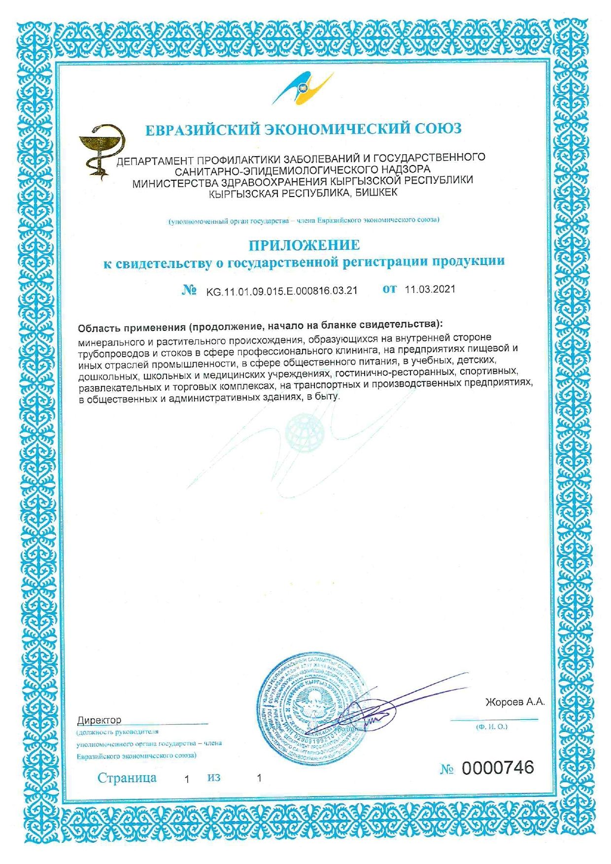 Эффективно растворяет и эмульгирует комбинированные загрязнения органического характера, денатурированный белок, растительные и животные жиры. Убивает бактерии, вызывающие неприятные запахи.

---

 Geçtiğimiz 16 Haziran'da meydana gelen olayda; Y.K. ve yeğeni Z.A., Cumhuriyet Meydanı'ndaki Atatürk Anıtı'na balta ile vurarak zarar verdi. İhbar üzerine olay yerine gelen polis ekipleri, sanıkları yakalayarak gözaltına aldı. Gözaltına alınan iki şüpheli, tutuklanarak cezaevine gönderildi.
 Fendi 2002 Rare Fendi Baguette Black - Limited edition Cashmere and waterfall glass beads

- **REQUIRED ACTION**: Within the material above, transcribe exactly the lines that run from the line holding "Geçtiğimiz 16 Haziran'da" through the line holding "Fendi 2002 Rare".

- **ANSWER SECTION**:
 Geçtiğimiz 16 Haziran'da meydana gelen olayda; Y.K. ve yeğeni Z.A., Cumhuriyet Meydanı'ndaki Atatürk Anıtı'na balta ile vurarak zarar verdi. İhbar üzerine olay yerine gelen polis ekipleri, sanıkları yakalayarak gözaltına aldı. Gözaltına alınan iki şüpheli, tutuklanarak cezaevine gönderildi.
 Fendi 2002 Rare Fendi Baguette Black - Limited edition Cashmere and waterfall glass beads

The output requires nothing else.